Едва он достиг этого пункта, как увидел Монти и чуть не вывалился из окна, чтобы излить на него млеко милосердия.
— Привет! — заметил он.
Монти взглянул наверх:
— Привет.
— Ты вымок.
— Да.
— Жутко вымок, — не унимался Ронни. Ему было больно, что в таком мире бывают неполадки. — Переоденься, а?
— Ладно, переоденусь.
— Во что-нибудь сухое.
Монти кивнул, походя при этом на городской фонтан. Минуты через две Ронни вспомнил, что у него над умывальником стоит замечательное растирание.
Когда ты выскочил из депрессии, неизвестно, куда тебя занесет. В обычное время Ронни быстро забыл бы о мокром Монти, но теперь, в приливе всеобъемлющей любви, ощущал, что сочувственных слов мало. Нужны дела, а то он еще простудится! И тут, как мы сказали, он вспомнил о растирании.
Золотой Бальзам, большой флакон (7 шил. 6 пенсов). И по рекламе, и по опыту Ронни знал, что вызывает он живительный жар в крови, предупреждая тем самым насморк, грипп, ревматизм, ишиас, радикулит и люмбаго и сообщая душе ощущение блаженства. Кому-кому, а Монти все это нужно.
Схватив флакон, Ронни кинулся к другу. Тот был у себя и растирался махровым полотенцем.
— Вот, — сказал Ронни, — попробуй. Вызывает живительный жар.
Монти, прикрытый полотенцем, как шалью, изучал бутылку. Такая забота его тронула.
— Спасибо большое, — сказал он.
— Не за что.
— Это не для лошадей?
— Лошадей?
— Знаешь, бывает. Вотрешь, посмотришь — а оно «только для лошадей». Жуткие муки.
— Нет-нет, это для людей. Я сам растираюсь.
— Что ж, разотремся и мы!
Монти налил в ладонь бальзама и принялся за дело. Ронни страшно вскрикнул.
— Э? — сказал Монти.
Благодетель, ярко-пунцовый, непонятно смотрел на него.
— Э? — повторил он.
Ронни заговорил не сразу. Прежде он, видимо, проглотил что-то твердое.
— Там, там, — произнес он странным голосом.
— Э?
Итон и Кембридж пришли страдальцу на помощь. Он еще раз глотнул, снял с рукава пушинку и прокашлялся.

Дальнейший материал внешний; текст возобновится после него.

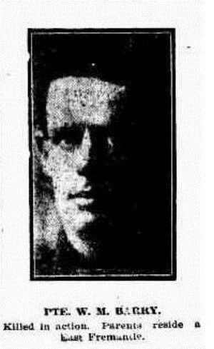 William Francis Barry was born in Northam Western Australia to William & Margaret Barry in 1893. The family soon moved to Fremantle where they took up residence in 68 Marmion Street East Fremantle. William attended Christian Brothers College Fremantle in Ellen Street though when he left school he took up work as a Labourer.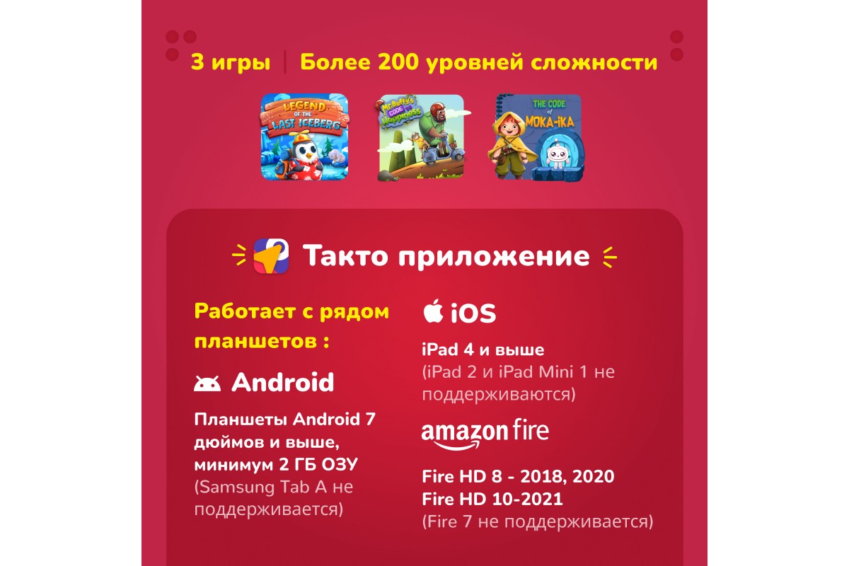 Игра Tacto Маршруты научит вашего ребенка понимать, как, выполняя различные задания и отдавая команды в правильном порядке, он может продвигаться вперед, следуя алгоритмам логики. Это первый шаг к обучению программированию, и с помощью Tacto Маршруты ваш ребенок также может попробовать и освоить язык кода Scratch, который позднее сможет использовать для многих других занятий на обычном компьютере.

— У тебя там что-то написано.
Они помолчали.
— Вроде бы «Сью».
Они еще помолчали.
— В таком сердечке, — беспечно закончил он.
Теперь твердое тело проглотил Монти. Странно, думал он, когда что-то видишь день за днем, его, в сущности, не видишь. Не отпечатывается на, как ее, сетчатке. Это имя, эта синяя с розовым дань исчезнувшей любви, в сущности, не существует. Он ее не видит. Что же тут ответишь?

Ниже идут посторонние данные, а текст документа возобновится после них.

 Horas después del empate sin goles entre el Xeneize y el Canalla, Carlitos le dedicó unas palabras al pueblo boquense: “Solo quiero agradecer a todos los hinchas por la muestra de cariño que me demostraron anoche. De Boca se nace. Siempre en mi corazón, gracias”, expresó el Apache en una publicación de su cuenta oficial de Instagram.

Пришлось думать побыстрей.
— Нет, — сказал он, — это не «Сью», это «С.В.Ю.» — Сара Вирджиния Юарт.
— Что?!
— Сара Вирджиния, — твердо ответил Монти. — Невеста. Покойная. От пневмонии. Не будем об этом говорить.
Они молчали долго. Ронни пошел к двери. Чувства его не вмещались в слова, но кое во что вместились.

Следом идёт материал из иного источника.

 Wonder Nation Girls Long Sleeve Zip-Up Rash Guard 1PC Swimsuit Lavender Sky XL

— Хе, — сказал он, — хо-хо!
Сью созерцала грозу с подоконника в библиотеке. Вообще она грозы любила, и внешне эта ей нравилась. Одно было плохо: Монти где-то гуляет. Она видела, как он вышел. Теперь, наверное, промок.
Когда дождь утих, небо прояснилось, она немедленно вышла на балкон, ожидая вестей, как сестра Анна [62] . Тем самым ей довелось услышать беседу с Ронни («Промок», «Жутко промок», «Переоденься» и т. п.).
62
Персонаж сказки Шарля Перро (1628–1703) «Синяя Борода».
Казалось бы, беседа как беседа, ничего особенного. Но диалоги великих драматургов не произвели бы на нее такого впечатления. Бремя скатилось с ее души. Какой тон! Сама доброта. Сама сердечность. А радость? Два дня подряд ей казалось, что Ронни подменили, а теперь, судя по голосу, — вот он, прежний.
Она стояла и пила благоуханный воздух. Гроза изменила все. Шропшир, который только что буквально терзал душу, обратился в какой-то рай. Озеро сверкало. Река сияла. Кролики сновали по парку со свойственной им беспечностью, и, куда ни глянь, паслись довольные коровы.
Сью вышла в коридор, тихо напевая. Конечно, думала она, надо зайти к Монти, но главное — разыскать Ронни.
Услышав звук бильярдных шаров, она решила, что Галли играет сам с собой. Вот его и спросим. Она открыла дверь; и Ронни, почти лежавший на столе, обернулся к ней.
Татуировка мгновенно смела весь его оптимизм. Он пошел на первый этаж. Дверь в бильярдную была открыта. Он зашел — все же развлечение.
— Привет! — учтиво сказал он, выпрямляясь. Итон и Кембридж встали рядом с ним.